| Data block |
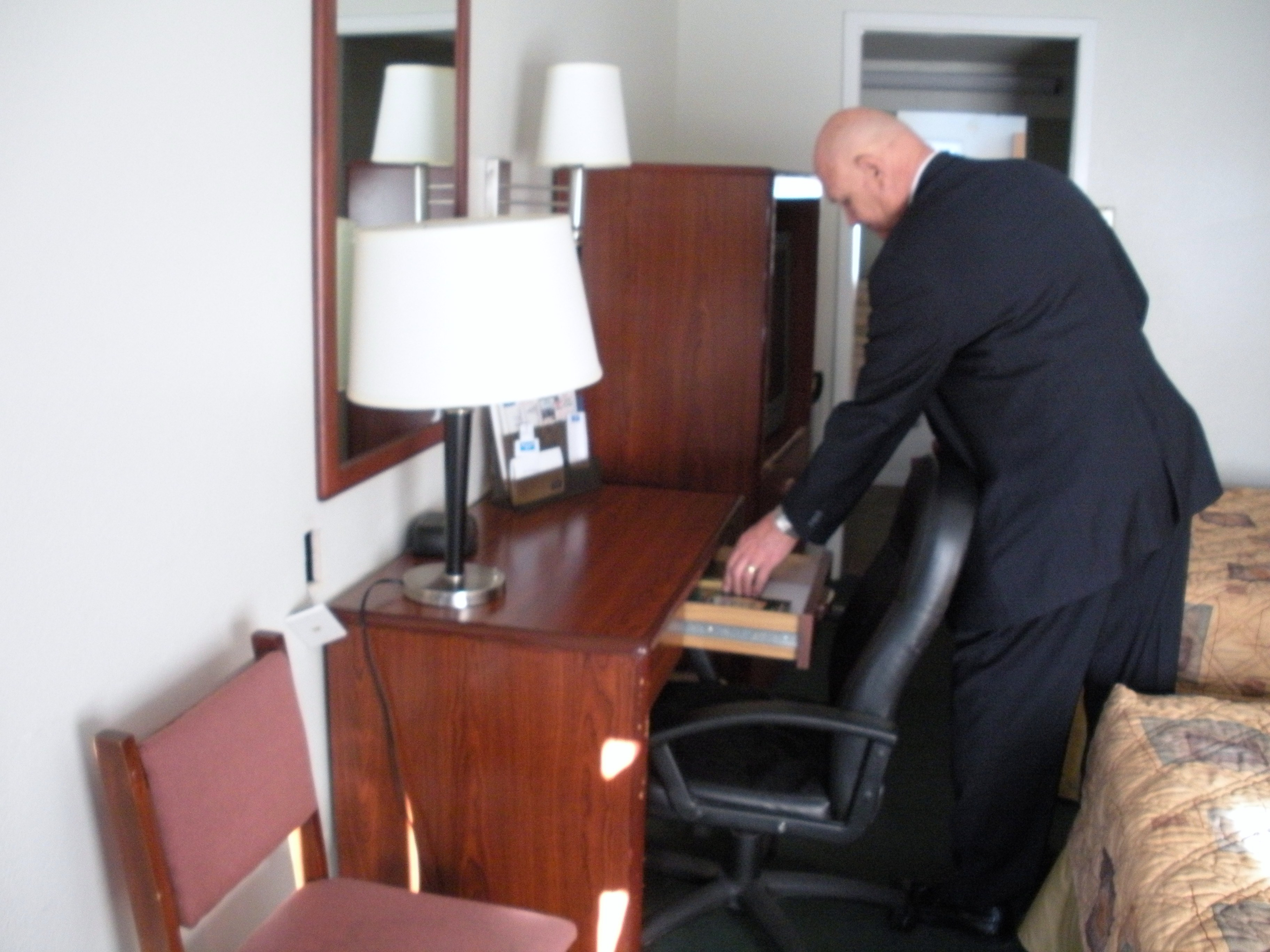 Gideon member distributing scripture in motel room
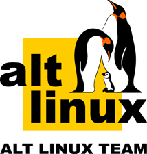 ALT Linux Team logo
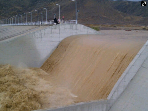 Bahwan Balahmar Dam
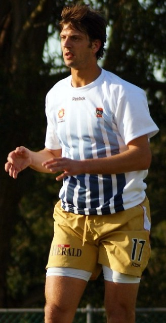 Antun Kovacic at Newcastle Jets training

| Problem requirements |
Begin at the line containing "ALT Linux Team logo" and stop at the final line of the data. Retype those lines exactly, without the pictures.

| Written answer |
 ALT Linux Team logo
 Bahwan Balahmar Dam
 Antun Kovacic at Newcastle Jets training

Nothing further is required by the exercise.